Liang on what Otter brings to the marketplace: “We actually don’t see Otter as a transcription app. Transcription is just the first step to get text from voice, but we will do a lot more once the transcript is available, such as understanding the conversation, extract action items, summarize the conversations, recognize some key points, people’s names, understand people’s emotions, etc. It will understand the dynamics between multiple people, maybe even better than the humans themselves.”
Liang on how Otter can enhance business meetings: “Our intention is about better note taking in business meetings, about spending time focusing on the other people in the room instead of having to look down at your screen when you’re taking notes — Otter will do that for you. The goal is to be able to save time, to search things better, to get better insights.”
Simply put, it’s a productivity tool that doubles as a business intelligence archive and has the potential to do much more. The app (I didn’t immediately understand this when I first used this) has built-in audio that syncs with the transcription, so you just tap on a word and the audio starts playing.
The competitive landscape: The Big Five — Google, Facebook, Apple, Amazon and Microsoft — have snapped up many of the voice recognition AI experts in the tech field. But AISense is going deeper than any of them. A smaller player, Nuance, makers of Dragon Naturally Speaking software, gets most of its revenue from dictation in a medical setting.

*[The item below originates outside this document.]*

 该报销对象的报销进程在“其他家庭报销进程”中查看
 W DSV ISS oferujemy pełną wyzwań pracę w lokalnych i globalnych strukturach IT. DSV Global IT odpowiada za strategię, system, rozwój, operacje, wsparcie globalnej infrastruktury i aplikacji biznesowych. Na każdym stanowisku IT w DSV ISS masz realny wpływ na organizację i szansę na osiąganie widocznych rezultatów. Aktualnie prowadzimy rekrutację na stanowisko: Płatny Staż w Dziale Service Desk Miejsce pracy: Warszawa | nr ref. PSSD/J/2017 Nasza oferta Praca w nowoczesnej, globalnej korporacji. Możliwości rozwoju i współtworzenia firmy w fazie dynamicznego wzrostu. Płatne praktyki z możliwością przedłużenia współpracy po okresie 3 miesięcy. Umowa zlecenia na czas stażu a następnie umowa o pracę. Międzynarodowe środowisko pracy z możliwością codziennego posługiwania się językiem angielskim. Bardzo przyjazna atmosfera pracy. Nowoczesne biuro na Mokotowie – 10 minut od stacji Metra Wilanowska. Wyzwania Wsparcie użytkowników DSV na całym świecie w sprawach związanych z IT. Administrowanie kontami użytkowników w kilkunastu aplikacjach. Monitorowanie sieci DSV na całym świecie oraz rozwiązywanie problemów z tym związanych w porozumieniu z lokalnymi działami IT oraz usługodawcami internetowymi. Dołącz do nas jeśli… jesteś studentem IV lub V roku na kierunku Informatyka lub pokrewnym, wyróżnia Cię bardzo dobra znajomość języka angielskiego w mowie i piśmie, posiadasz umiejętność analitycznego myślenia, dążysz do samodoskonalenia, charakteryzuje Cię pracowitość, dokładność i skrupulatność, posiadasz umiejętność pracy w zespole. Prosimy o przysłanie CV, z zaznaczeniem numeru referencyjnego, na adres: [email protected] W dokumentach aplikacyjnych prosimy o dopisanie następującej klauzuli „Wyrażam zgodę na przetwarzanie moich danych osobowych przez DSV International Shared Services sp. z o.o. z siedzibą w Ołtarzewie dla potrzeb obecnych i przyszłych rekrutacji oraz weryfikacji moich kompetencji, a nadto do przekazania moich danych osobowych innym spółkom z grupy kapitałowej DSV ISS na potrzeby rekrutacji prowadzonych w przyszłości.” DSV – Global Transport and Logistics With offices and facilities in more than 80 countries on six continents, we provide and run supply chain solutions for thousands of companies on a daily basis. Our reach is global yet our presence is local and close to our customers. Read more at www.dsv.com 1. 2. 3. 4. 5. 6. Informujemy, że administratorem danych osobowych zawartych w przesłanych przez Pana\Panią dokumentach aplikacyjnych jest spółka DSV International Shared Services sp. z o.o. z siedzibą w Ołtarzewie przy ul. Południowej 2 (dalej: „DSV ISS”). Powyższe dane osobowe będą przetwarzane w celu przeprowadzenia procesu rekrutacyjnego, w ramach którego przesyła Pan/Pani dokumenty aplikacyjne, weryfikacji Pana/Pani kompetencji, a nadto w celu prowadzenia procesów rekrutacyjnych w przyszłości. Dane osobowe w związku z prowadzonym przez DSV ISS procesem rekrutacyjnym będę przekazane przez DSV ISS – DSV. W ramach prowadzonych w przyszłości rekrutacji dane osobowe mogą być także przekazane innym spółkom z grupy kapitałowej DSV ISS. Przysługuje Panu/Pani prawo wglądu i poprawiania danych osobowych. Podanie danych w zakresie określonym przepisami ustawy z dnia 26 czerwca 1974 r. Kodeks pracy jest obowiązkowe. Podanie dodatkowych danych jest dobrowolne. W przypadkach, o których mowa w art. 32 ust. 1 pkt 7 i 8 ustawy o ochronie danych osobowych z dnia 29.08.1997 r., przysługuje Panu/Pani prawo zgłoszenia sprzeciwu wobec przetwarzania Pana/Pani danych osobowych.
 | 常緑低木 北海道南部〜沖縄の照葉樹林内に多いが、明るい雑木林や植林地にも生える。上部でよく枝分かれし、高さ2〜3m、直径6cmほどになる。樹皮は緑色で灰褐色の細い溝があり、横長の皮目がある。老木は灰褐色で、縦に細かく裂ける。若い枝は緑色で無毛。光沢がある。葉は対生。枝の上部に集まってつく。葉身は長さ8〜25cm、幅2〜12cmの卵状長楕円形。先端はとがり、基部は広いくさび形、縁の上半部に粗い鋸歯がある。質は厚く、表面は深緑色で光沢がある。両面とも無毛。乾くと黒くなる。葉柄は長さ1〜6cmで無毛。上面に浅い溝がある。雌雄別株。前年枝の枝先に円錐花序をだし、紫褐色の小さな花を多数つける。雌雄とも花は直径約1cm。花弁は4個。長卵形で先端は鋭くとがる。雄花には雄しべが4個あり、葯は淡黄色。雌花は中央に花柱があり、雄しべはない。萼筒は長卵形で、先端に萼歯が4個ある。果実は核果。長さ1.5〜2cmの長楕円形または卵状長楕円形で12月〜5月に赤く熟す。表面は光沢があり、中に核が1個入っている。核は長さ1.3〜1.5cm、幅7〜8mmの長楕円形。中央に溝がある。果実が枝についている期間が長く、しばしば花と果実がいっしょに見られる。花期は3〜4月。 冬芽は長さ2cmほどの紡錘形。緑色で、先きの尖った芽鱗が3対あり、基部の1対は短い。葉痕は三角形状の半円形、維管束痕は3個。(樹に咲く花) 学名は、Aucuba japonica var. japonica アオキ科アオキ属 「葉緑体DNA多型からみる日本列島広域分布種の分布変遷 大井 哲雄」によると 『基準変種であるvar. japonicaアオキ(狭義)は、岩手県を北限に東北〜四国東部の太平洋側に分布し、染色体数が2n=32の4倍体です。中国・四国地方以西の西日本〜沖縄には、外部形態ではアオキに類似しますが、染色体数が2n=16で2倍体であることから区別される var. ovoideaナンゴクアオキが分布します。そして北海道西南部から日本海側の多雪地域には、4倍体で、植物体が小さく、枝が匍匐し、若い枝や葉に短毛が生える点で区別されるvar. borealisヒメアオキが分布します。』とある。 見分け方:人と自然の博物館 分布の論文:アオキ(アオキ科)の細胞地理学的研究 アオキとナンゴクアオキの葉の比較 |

Liang doesn’t see them as a main competitor. “There are also a couple of startups focused on sales conversations. A company called Deep Gram is doing video search,” he said.
Liang on video translations and closed captioning: “We seeWe see it as much more powerful than the traditional closed caption. It’s actually an audio DVR in some sense. With DVR, you can always quickly rewind and watch the video again. With this, actually effectively it can achieve that [for audio].”

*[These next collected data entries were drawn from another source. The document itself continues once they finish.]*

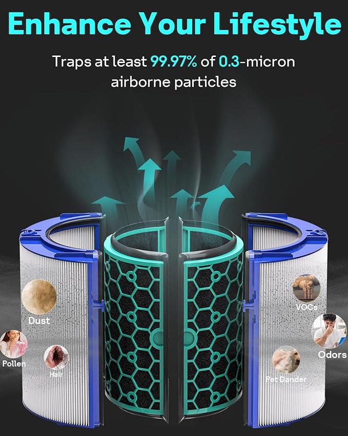 - 【PREMIUM FILTER】: This premium TP04 HP04 DP04 air filter replacement parts feature Dual-Layer Filtra-tion. The filter effectively captures a remarkable 99.97% of particles as small as 0.3 microns. The activated carbon filter efficiently cleans household odors from smoking, pets, and cooking fumes
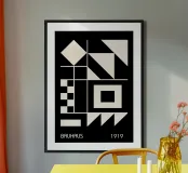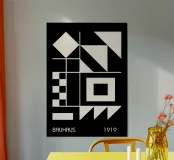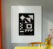 Un poster digitale molto complesso che celebra la fondazione del Bauhaus nel 1919. Questo disegno monocromatico presenta una griglia frammentata di forme geometriche - quadrati, triangoli e forme annidate - in nero e bianco sporco ad alto contrasto. La composizione comprende un motivo a scacchiera, quadrati ruotati e triangoli astratti, tutti definiti da sottili linee bianche. Questo pezzo incarna l'estetica funzionalista e sperimentale del modernismo minimalista. Questo download digitale di alta qualità vanta 7000x5000 pixel a 300 dpi, garantendo una chiarezza eccezionale e una qualità di stampa superiore.
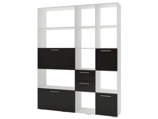 Применение задней стенки из ЛДСП (в ячейках с ящиками и фасадами) позволяет использовать данный стеллаж для зонирования пространства (чтобы предотвратить опрокидывание, необходимо обеспечить крепление стеллажа к стене).
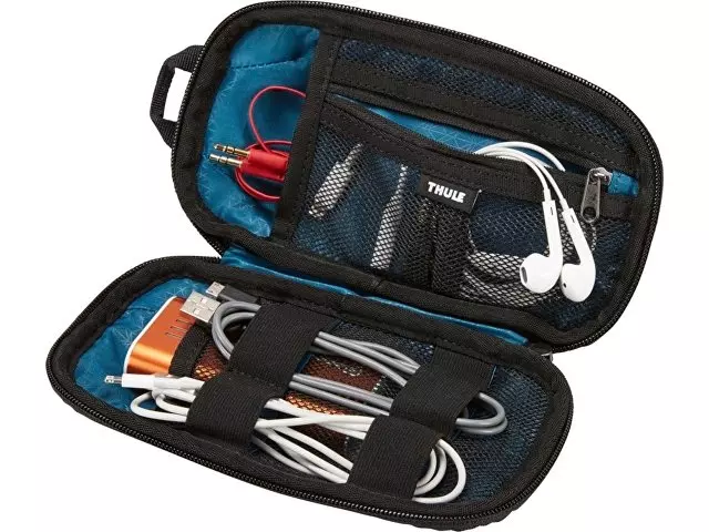 Сумка для аксессуаров с карманами- и петлями-органайзерами. Идеально подходит для кабелей, наушников, адаптеров или других мелких предметов. Удобно размещать в дорожной сумке или рюкзаке, а также в кармашке переднего посадочного места в транспорте, чтобы иметь под рукой компактно собранные небольшие предметы.
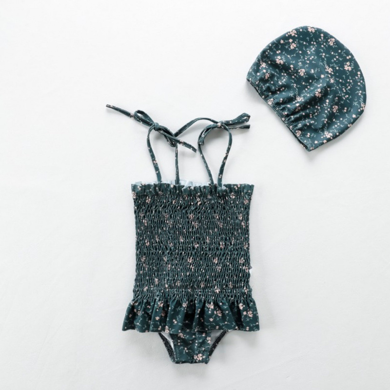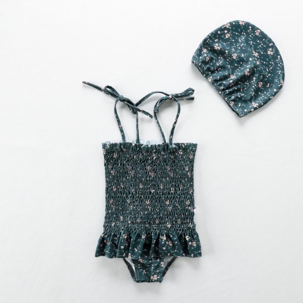 • 짙은 녹색 꽃무늬 수영복 멜빵 + 수영모
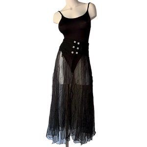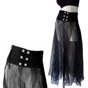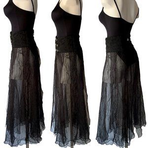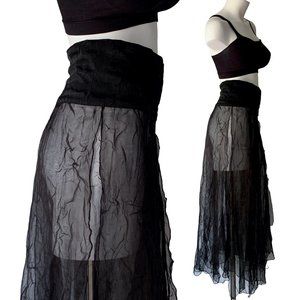 French Designer Biche de Bère vintage tiered/crinkled/pliseé sheer maxi skirt
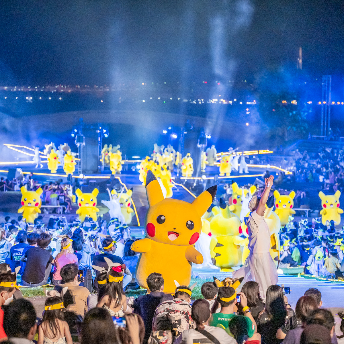 臨港パークにたくさんのピカチュウが登場し、ダンサーと一緒にかわいいダンスで盛り上げます。

How Otter learns from its mistakes. When consumers correct a word through the UI, “we actually put that into the training system,” Liang said. Its system also crawls the Internet to learn new words, though that’s not fully integrated into the program yet, he added.
Keywords, search and saving time with Otter
A couple of last points:
Atop each transcript, Otter provides a list of keywords that were used frequently in the conversation. You can click on each word to jump to that part of the transcript. The search feature is particularly cool.
AISense has raised $13 million in funding with a $10 million Series A round. The company has already licensed its transcription technology to web conferencing platform Zoom, but the focus for now is optimizing the enterprise version of Otter. Consumers, meantime, will be able to take advantage of the free app for iOS and Android.
We touched on a lot of other topics, such as market opportunities for Otter for writers and journalists, for college students who want to record their professors’ lectures, for podcast transcriptions (to rank higher with SEO), uses by medical professionals.
As a writer, it’s incredibly freeing to be able to focus on your subject instead of worrying about whether your recorder is picking up your subject. Otter is also a big time-saver: You no longer have to go home and spend hours typing up your notes.
I’ll leave it there. You can read more about Otter at AISense.com or at the articles I cited above. Here are Shel’s impressions.
Otter is not yet perfect. Some words are left out, others are improperly transcribed. Transcripts can be choppy, with sentences cut off in the middle.
Those are quibbles, though. On the whole, this is the speech translation app I’ve been looking for — for years and years. I no longer record in QuickVoice Pro and transcribe by hand. Now I just use Otter.